Kolejnym problemem Wojska Polskiego w momencie transformacji ustrojowej (i w dniu dzisiejszym) były podstawowe środki transportu batalionów zmechanizowanych, a nimi były skonstruowane w latach 60. bojowe wozy piechoty BMP-1 (w WP BWP-1).
Już w latach 80. zdano sobie sprawę z niedostatecznej siły ognia tego wozu, dlatego też w ramach planowanej modernizacji technicznej LWP (która de facto ciągnie się do dnia dzisiejszego) zakupiono dwa bataliony nowych BMP-2, oznaczonych w WP jako BWP-2. Brak licencji na ich produkcję oraz problemy gospodarcze spowodowały, że nie kupiono ich więcej, a nawet je wycofano i sprzedano po 8 latach użytkowania.
![]() |
Bojowy wóz piechoty BWP-95 |
Pomimo tego opancerzenie używanych w Wojsku Polskim BWP-1 (jak i zakupionych BWP-2) w latach 90. było niedostateczne. Płyta przednia górna co prawda ma grubość zaledwie 7 mm, ale jest nachylona do poziomu pod kątem aż 80°, co odpowiada przeliczeniowej grubości 40 mm - dzięki temu jest on odporny na pociski przeciwpancerne kal.:
- do 12,7 mm z dowolnej odległości
- kal. 14,5 i 20 mm z odległości min. 100 m
- kal. 23 mm z odległości min. 500 m
Z drugiej strony jednak wystarczy niewielka zmiana nachylenia (przykładowo o 10°), żeby pojazd był wrażliwy na trafienia .50 z odległości 250 m lub pociskiem 14,5 mm z odległości około 800 m. Płyta przednia dolna za to ma grubość przeliczeniową wynoszącą 35 mm, ale jest ona nachylona pod mniejszym kątem, więc lepiej reaguje na nachylenie pojazdu (dla 10° w dół jest to aż 49 mm, a w górę 28 mm).
Boki BWP-1 są tradycyjnie gorzej opancerzone od frontu - chronią je płyty pancerne o grubości 16 mm nachylone pod kątem 14° (LoS = 16,5 mm), więc są one łatwe do penetracji przez pociski 12,7 mm w odległości nawet 600-700 m. W przypadku amunicji przeciwpancernej 7,62 mm założono odporność na trafienia z odległości powyżej 75 m.
Wieża jest za to osłonięta płytami pancernymi o grubości 13-23 mm pod kątem 30-42° (LoS = 15-31 mm), przez co jest ona głównie osłonięta przed amunicją 7,62 mm (z przodu i po bokach również przed 12,7 mm).
Największym problemem była jednak odporność na trafienia z granatników przeciwpancernych, a w zasadzie jej brak, ponieważ strumień kumulacyjny z granatu PG-7 potrafił przebić dosłownie na wylot te wozy bojowe.

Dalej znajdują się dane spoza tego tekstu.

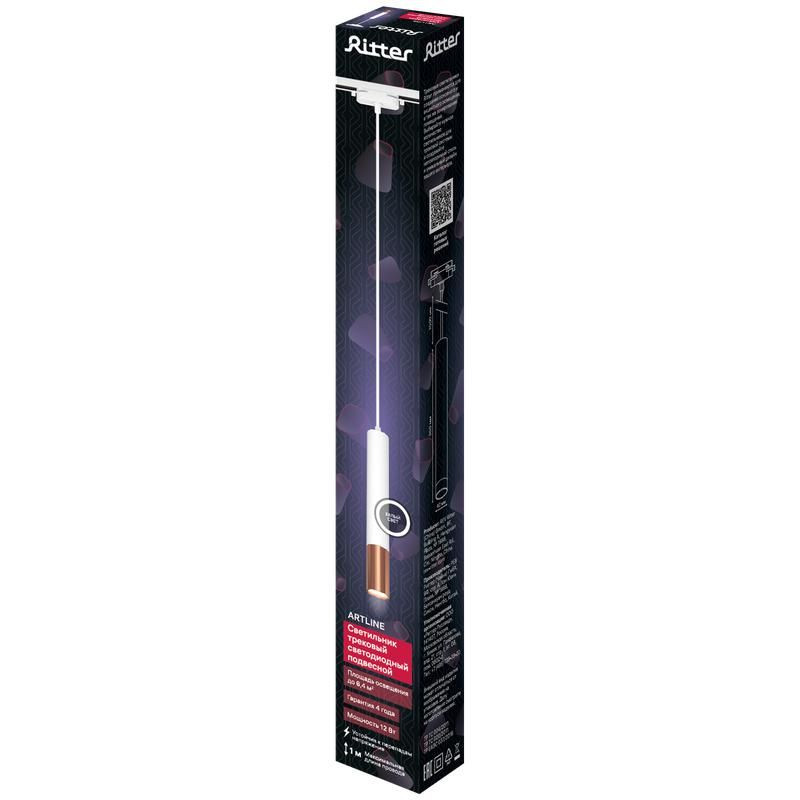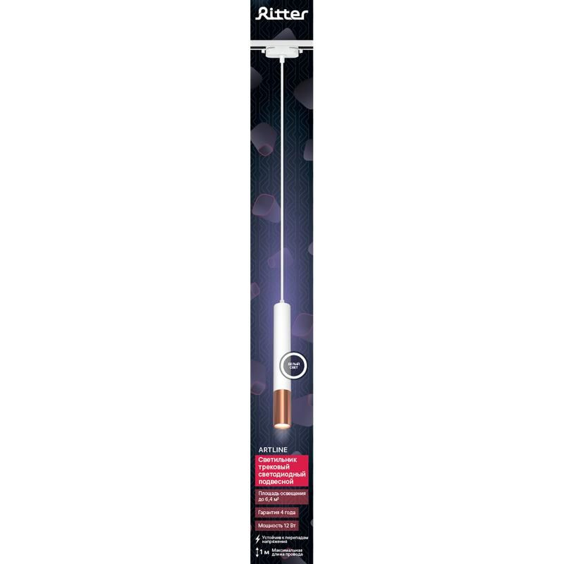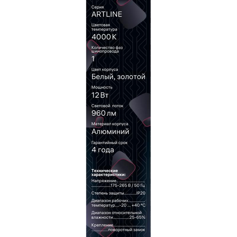 Светильник трековый подвес светодиодный ARTLINE 40х40х300мм 12Вт 960Лм 4000К 230В алюм. 6.4кв.м бел./зол. Ritter 59710 4

Wobec tego WITU rozpoczęło prace nad lekkim pancerzem pasywno-reaktywnym, specjalnie przeznaczonym dla BMP-1. Jego wypełnienie miało być identyczne jak w ERAWA (czyli TNT), z drugiej strony postanowiono zastosować ceramiczną obudowę w celu dobrego przechwytu energii wybuchu oraz obniżenia masy kaset. Pancerz ten otrzymał nazwę CERAWA.